CONSEQUENCES OF NOT SUBMITTING DATA

Providing personal data such as, name, surname, data of the company where you are employed and consent to receive marketing and commercial information by e-mail is voluntary, but necessary to conclude a contract and perform it. The consequence of not providing personal data will be the inability to register and participate in the online event.

RECEIVERS OF PERSONAL DATA

Access to personal data inside the organizational structure of the Company will be granted only to authorized personnel and only to the necessary extent. Personal data may also be disclosed to:

  • entities providing services to the Company such as IT and technical support services, archiving and document destruction services, with such entities processing data as subcontractors under contract with the Company and in accordance with its instructions;
  • law enforcement agencies and state authorities, when this is required by applicable law.

6.  Location of personal data processing

Your data, as a general rule, will be processed within the EEA. However, due to our use of cloud solutions provided by Dublin-based Microsoft Ireland Operations Limited and US-based Avaya Inc. in some cases, your data may be transferred to third countries.  The providers of these solutions ensure the security of personal data by applying the appropriate compliance mechanisms required by European Union law, in particular through the use of standard contractual clauses.

7. rights of persons

Under the RODO, you have the following rights:

  1. The right to access your personal data, including obtaining information about the scope of the processed data and obtaining a copy of the data;
  2. The right to rectify or supplement your data;
  3. The right to request deletion of your data in cases provided by law;
  4. The right to data portability, i.e. the right to receive in a structured, commonly used machine-readable format the personal data you have provided to us, if the processing of such data is based on consent or contract and by automated means, provided that such technical possibility exists;
  5. The right to request that the Company restrict the processing of your personal data;
  6. Right to withdraw consent - if your data is processed based on consent, you have the right to withdraw such consent at any time. Withdrawal of consent does not affect the lawfulness of processing that was carried out on the basis of consent before its withdrawal;
  7. Right to object - you have the right to object at any time, on grounds relating to your particular situation, to the processing of your personal data based on the Company's legitimate interests.  In such a case, the Administrator shall no longer be allowed to process such personal data, unless the Administrator demonstrates the existence of compelling legitimate grounds for the processing which override the interests, rights and freedoms of the data subject, or grounds for establishing, asserting or defending claims;
  8. Right to object to direct marketing - if your personal data is processed by the Company for direct marketing purposes, you have the right to object at any time to the processing of personal data for such marketing, including profiling, to the extent that the processing is related to such direct marketing.

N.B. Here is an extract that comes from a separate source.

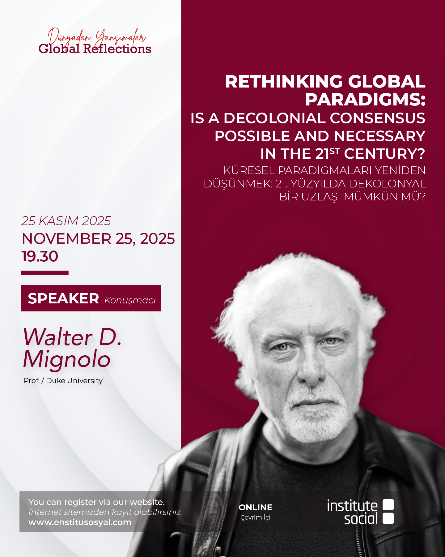 As part of Global Reflections series Institute Social is honored to welcome renowned philosopher, semiotician, decolonial theoretician and author Prof. Walter D. Mignolo from Duke University. In his talk, “Rethinking Global Paradigms: Is a Decolonial Consensus Possible and Necessary in the 21st Century?” Prof. Mignolo will explore the ways in which the supposedly “universal” knowledge and political paradigms of modernity are in fact shaped as a Western-centered colonial project, and how decolonial alternatives can be developed in which plural epistemologies coexist side by side.

In order to exercise the rights referred to in this section of the Privacy Policy, you may contact the Company by sending a relevant message in writing or by e-mail to the contact details: marketing@yarrl.pl

The right to lodge a complaint with the supervisory authority
If you consider that your personal data is processed by the Company in violation of the provisions of RODO, you have the right to lodge a complaint to the supervisory authority, which in Poland is the President of the Office for Personal Data Protection.

PROFILING
We do not make decisions about you based solely on automated processing, including profiling, that would produce legal effects or similarly materially affect you.

8. Final provision

8.3 This Privacy Policy is for information purposes only and shall be reviewed on an ongoing basis and amended as necessary, in particular in the event of changes in the scope of services offered, technological developments and adaptation to changes in applicable laws.

8.4 The current version of the Privacy Policy has been adopted and is effective from 01.12.2023.